The strip spawned eleven previous books and legions of fans among lesbians, gays, and queers in cities, towns, and hamlets around the world. Now, on the twenty-fifth anniversary, we have this "essential" collection.
Dykes To Watch Out For has an eclectic cast of characters who have grown and evolved over the past twenty-five years of their lives on the page courtesy of Bechdel's deft hand, sharp eye, and incisive pen.
Reading The Essential Dykes To Watch Out For is a treat, bound to elicit a wide variety of emotions-laughter, tears, joy, pain, giggles, sadness, awe, and disbelief.
I was thrilled to have all of the strips together in a book; it's like catching up with old friends. The characters of the strip feel like old friends, and the brilliance of the series (and Bechdel's genius as a stripper) is that the characters mirror people in "real" lesbian life as well.
Paging through the volume, I remembered various locations where I read the original strip: the dyke bar in Ann Arbor, outside the womyn's bookstore in Ferndale, in countless issues of off our backs.
Reading The Essential reminded me of those places where I haven't been in years and of the people in my life then, some of whom I haven't seen since. It's like a reunion, but you don't have to buy new clothes or lose any weight to attend.
Reading it isn't entirely nostalgic, however. The strips hold up over time--and reveal new gems of discovery and insight. The first time I read Dykes To Watch Out For, I identified with Mo most of all, but now, a graduate student myself, I'm interested in Ginger and Sydney and their lives. When I first read about Clarice and Toni and their baby, Raffi, I thought that was the life I wanted. Now I like reading it--and knowing it is not mine!
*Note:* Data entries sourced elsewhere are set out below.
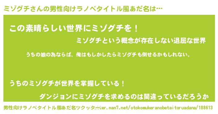 | ヘコむあだ名 | 『なまこ酢』『ミゾを』『ミゾにー』 |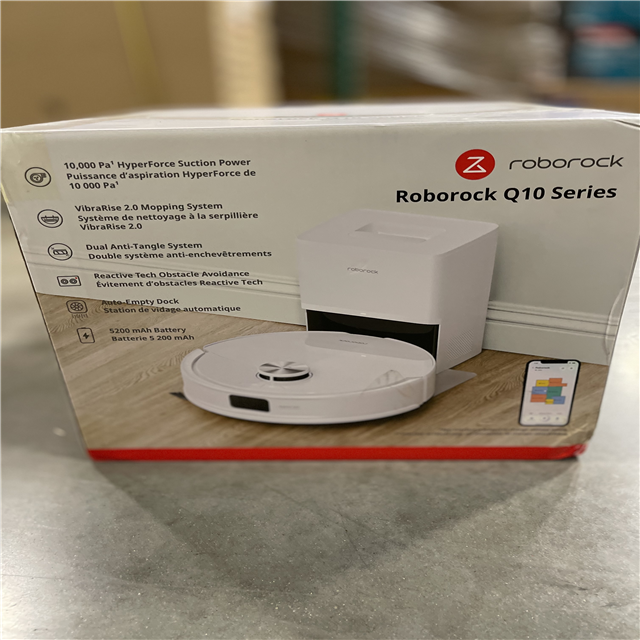 NEW! - Roborock Q10 VFS+ 13. 9 in. Robotic Vacuum and Mop with Smart Navigation Auto Lifting Mop Multi-Surface in White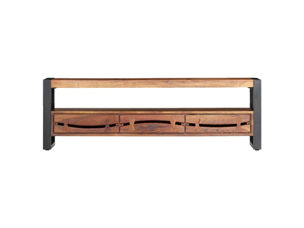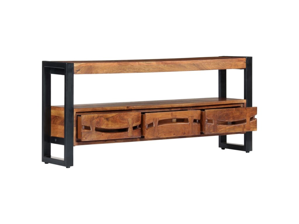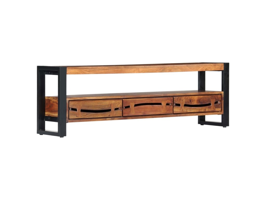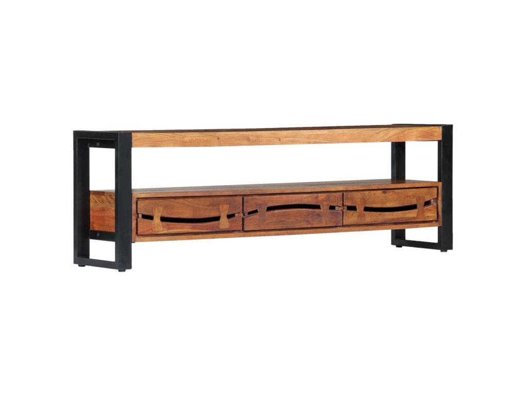 Táto drevená TV skrinka je nielen sofistikovaná a elegantná. Vďaka akáciovému masívu s medovým povrchom a oceľovému rámu z nej vyžaruje vintage šarm a priemyselný štýl.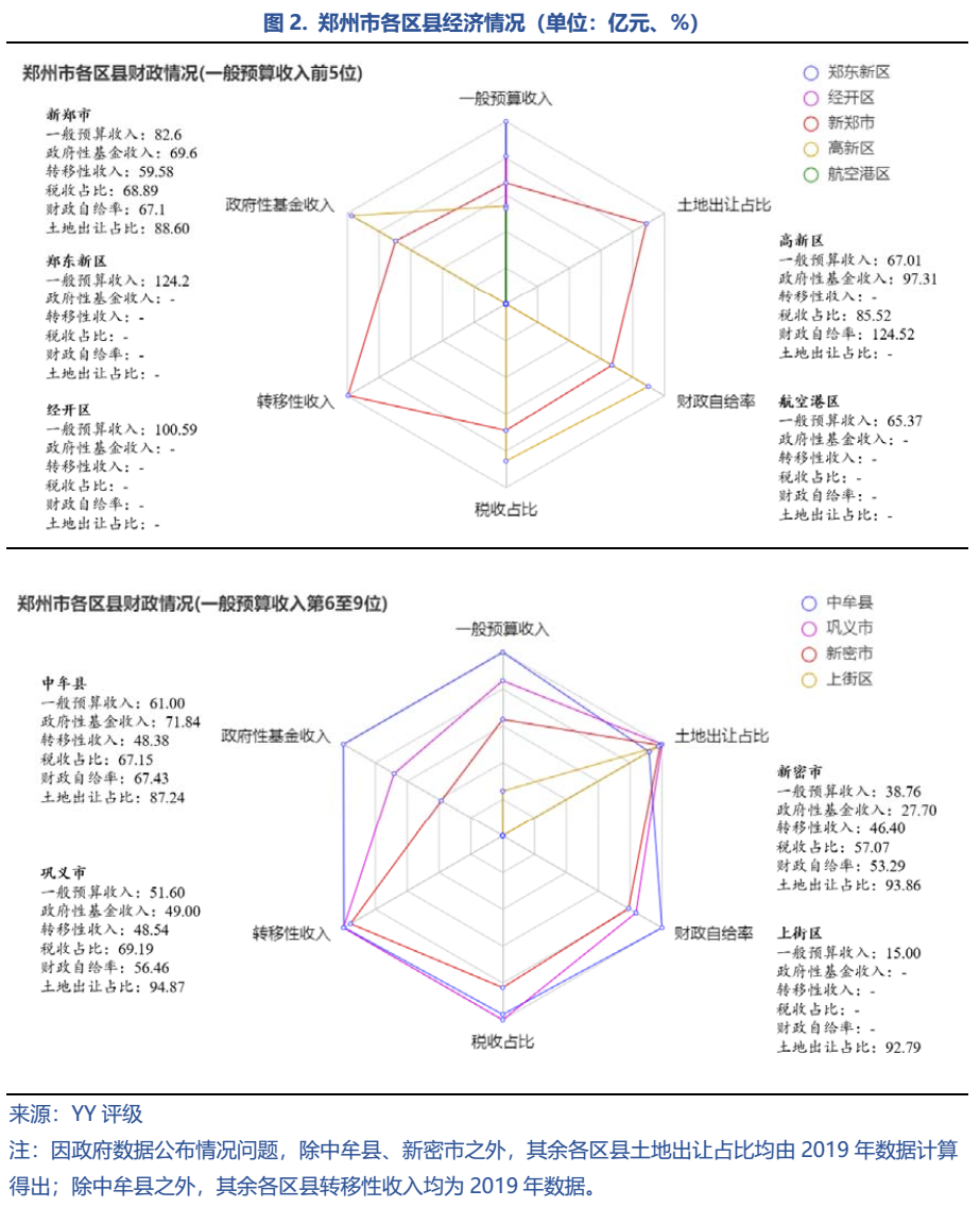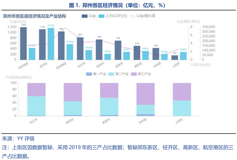 鄭州市現轄6區5市1縣及鄭州航空港經濟綜合實驗區、鄭東新區、 鄭州經濟技術開發區、鄭州高新技術產業開發區,四大園區定位各不相同:航空港區是我國第一個以航空經濟為引領的國家級新區;鄭東新區則是中原經濟區金融集聚核心功能區、全省推進城鎮化建設的先行區和國家大數據綜合試驗區核心區;經開區側重發展了汽車及零部件、裝備制造、現代物流三大千億級主導產業;高新區則定位于“發展高科技、實現產業化”,擁有完善的創新孵化培育體系。鄭州共有9個發債區縣,在發債各區中,鄭東新區GDP總量領跑,人均GDP位居前三,經濟實力較強。以汽車和裝備制造等為主導產業的鄭州經開區人均GDP一馬當先,高達34.1萬元居全市首位,GDP總量在2019年首破千億大關的基礎上也再創新高。此外,航空港區GDP也過千億大關,上街區、中牟縣和高新區則以較低的GDP總量居末尾。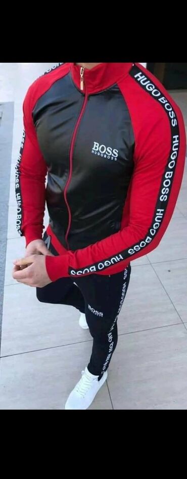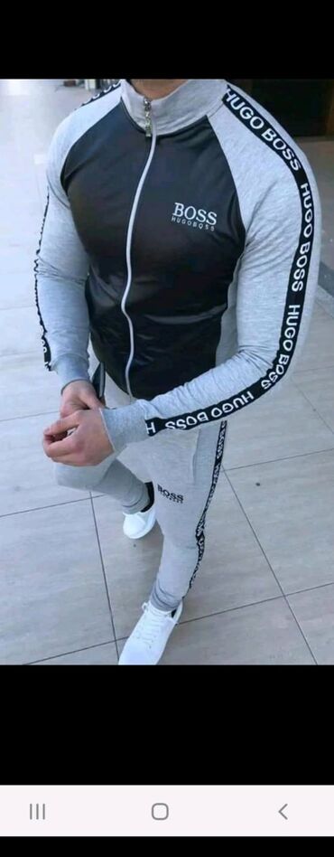 Muški komplet trenerke – duks sa kapuljačom i donji deo - Model: duks na rajsferšlus sa kapuljačom + pantalone sa elastičnim pojasom - Brendirane trake sa strane sa natpisom HUGO i diskretan zlatn...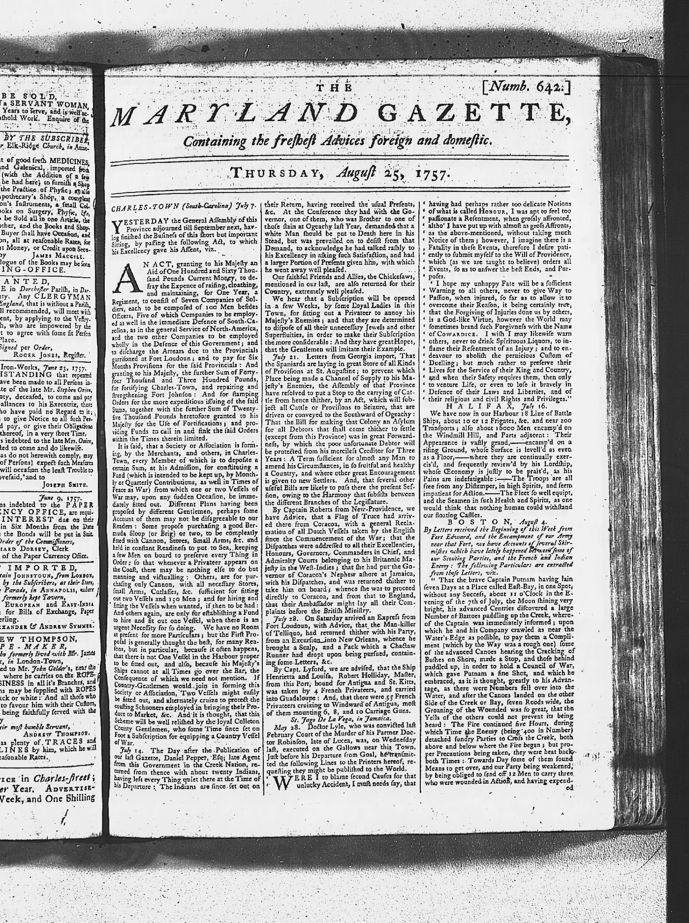 Maryland Gazette Collection MSA SC 2731 January 2, 1752 - October 19, 1758 M 1279 A Publication of the Archives of Maryland Online Image No: 1200 Enlarge and print image (3M) |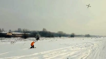 Lo han bautizado como droneboarding o snowboard con dron y es exactamente eso: deslizar con la tabla de nieve remolcado por un dron. La idea ha surgido de la colaboración de Kaspars Balamovskis y la compañía Aerones, quienes grabaron un vídeo cerca de la capital letona, Riga, para mostrar el nuevo deporte. En un comunicado, el fabricante de aeronaves no tripuladas ha explicado que se trata de un diseño especial para la ocasión con una capacidad de cargar hasta 37 kilos, suficiente para tirar de Balamovskis. De momento, aseguran, el experimento ha sido un éxito y por eso buscan socios que les ayuden a diseñar una barra de agarre específica para la nueva disciplina.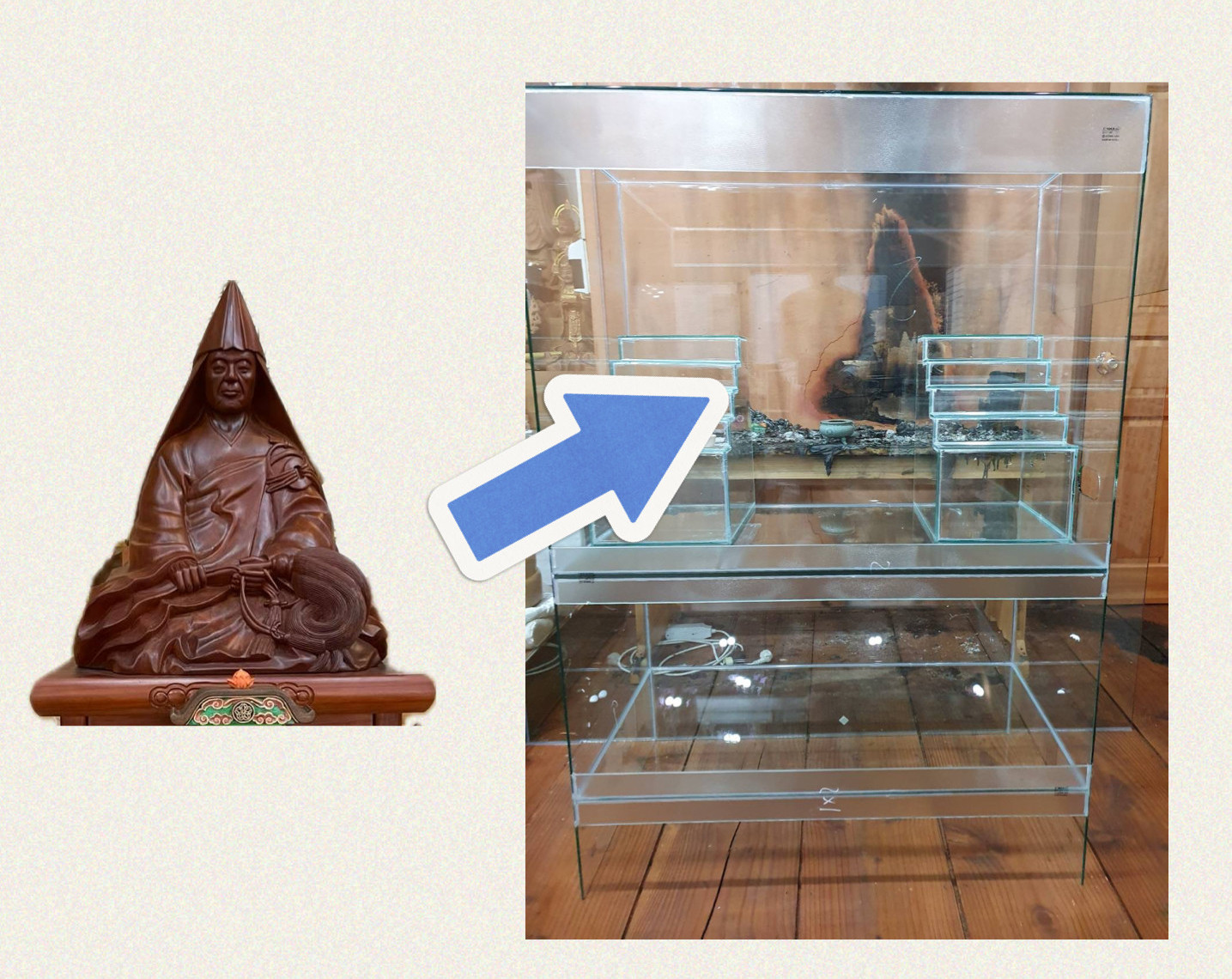 激しく燃え上がる炎の中、そのお曼荼羅が焼けてしまいました。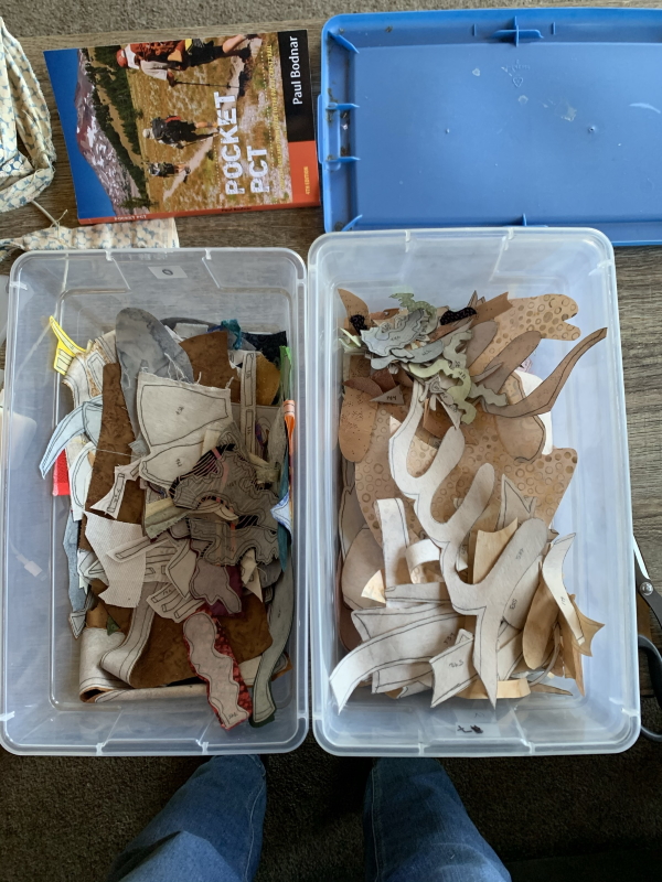 The man did some planning and spacing out and talking and I did some cutting out of the new art quilt…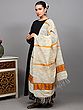 Cannoli-Cream Khadi Dupatta with Thread Weave Folk Tribal Musicians

While reading the new compendium may be a personal journey for many, as it was for me, the book also documents our history. In its pages unfold the demise of Mad Wimmin books, the triumphal election of Bill Clinton, marches and demos and marches and demos for gay and lesbian rights, LGBT rights, queer rights, abortion rights, solidarity with central America and countless other causes, the dispiriting vote for Clinton after he championed and signed ENDA, Al Gore's loss, Bush's reelection, sodomy law repeal, the advent of marriage equality. The big political moments are all there.
So are all the nuanced moments in lesbian life--sex in many positions and with many emotional and physical consequences, changing footwear (from Birkenstocks to Doc Martins to Australian boots), childbearing, child rearing, friendships, fights, passionate breakups, forestalled affections, illicit affairs, and, through it all, anger and outrage at new and different things.
Alison Bechdel captures lesbian life-the highs and the lows-in words and pictures. She's been doing it for twenty-five years. She herself is a Dyke To Watch Out For and, more than that, a dyke we love.